Usually, the tracer (for example, strace(1)) would not want to show this extra post-execve
SIGTRAP signal to the user, and would suppress its delivery to the tracee (if SIGTRAP is
set to SIG_DFL, it is a killing signal). However, determining which SIGTRAP to suppress
is not easy. Setting the PTRACE_O_TRACEEXEC option or using PTRACE_SEIZE and thus
suppressing this extra SIGTRAP is the recommended approach.
Real parent
The ptrace API (ab)uses the standard UNIX parent/child signaling over waitpid(2). This
used to cause the real parent of the process to stop receiving several kinds of waitpid(2)
notifications when the child process is traced by some other process.
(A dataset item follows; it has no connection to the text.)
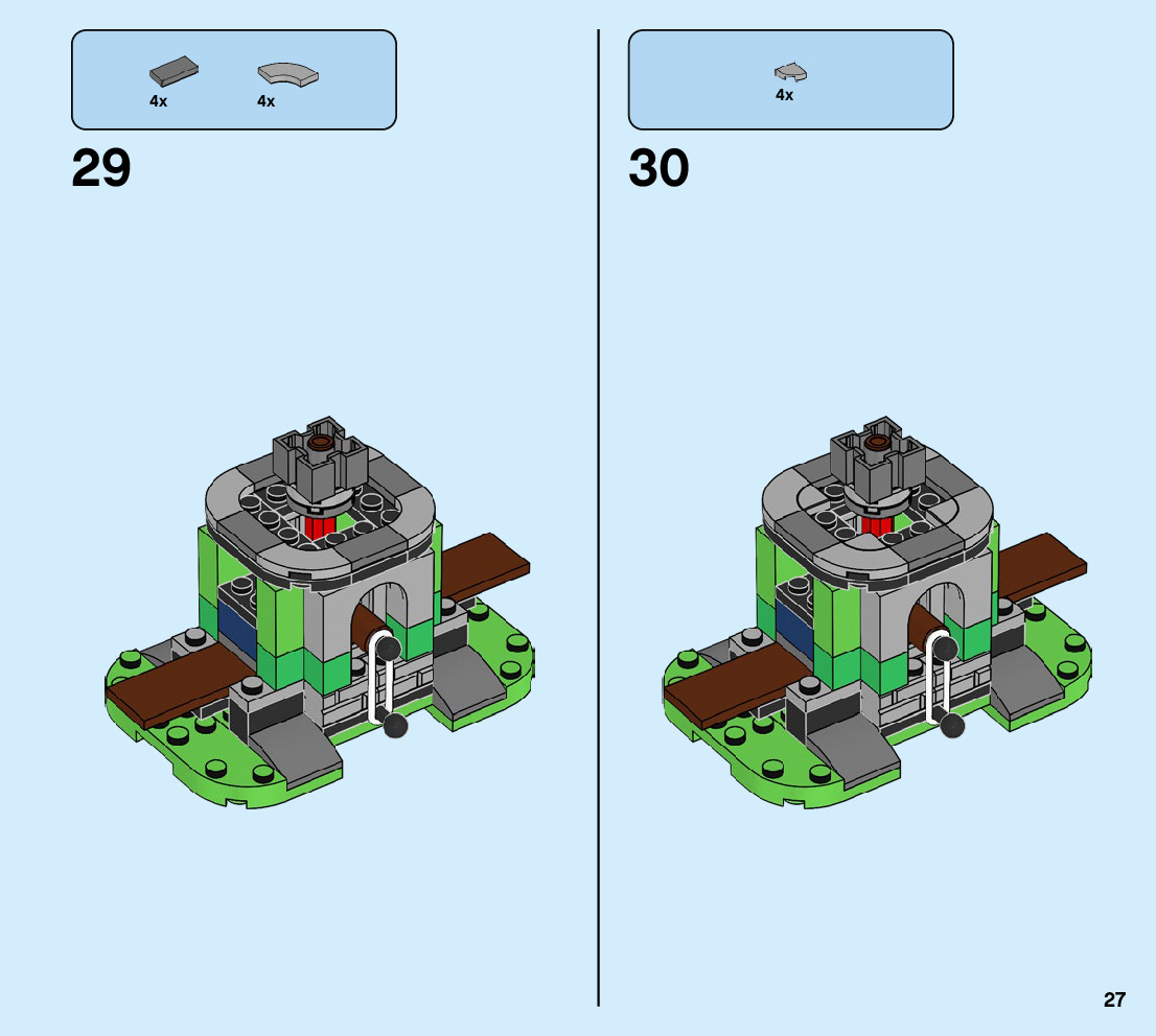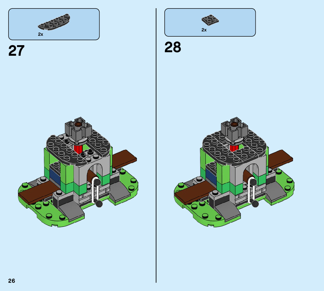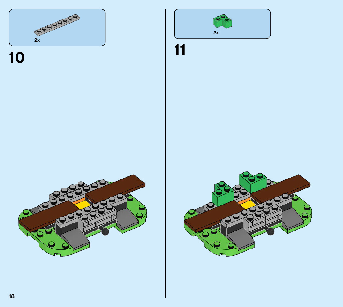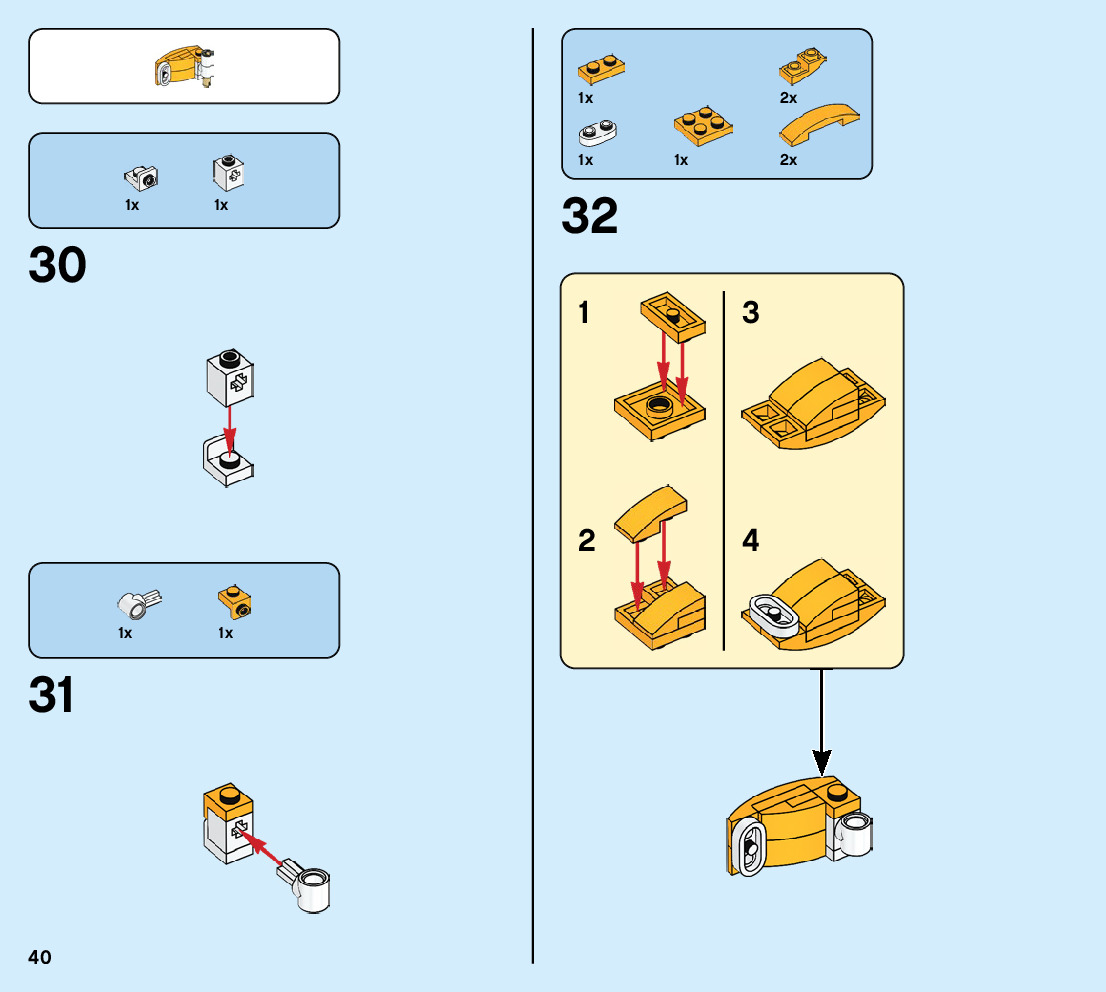 The assembly guide is prepared in a very understandable way for children and adult LEGO enthusiasts. A total of 66 picture galleries are shown, explaining the step-by-step construction stages for 2 different structures.

Many of these bugs have been fixed, but as of Linux 2.6.38 several still exist; see BUGS
below.
As of Linux 2.6.38, the following is believed to work correctly:
* exit/death by signal is reported first to the tracer, then, when the tracer consumes
the waitpid(2) result, to the real parent (to the real parent only when the whole
multithreaded process exits). If the tracer and the real parent are the same process,
the report is sent only once.
RETURN VALUE
On success, the PTRACE_PEEK* requests return the requested data (but see NOTES), the
PTRACE_SECCOMP_GET_FILTER request returns the number of instructions in the BPF program,
and other requests return zero.
On error, all requests return -1, and errno is set appropriately. Since the value
returned by a successful PTRACE_PEEK* request may be -1, the caller must clear errno
before the call, and then check it afterward to determine whether or not an error
occurred.
ERRORS
EBUSY (i386 only) There was an error with allocating or freeing a debug register.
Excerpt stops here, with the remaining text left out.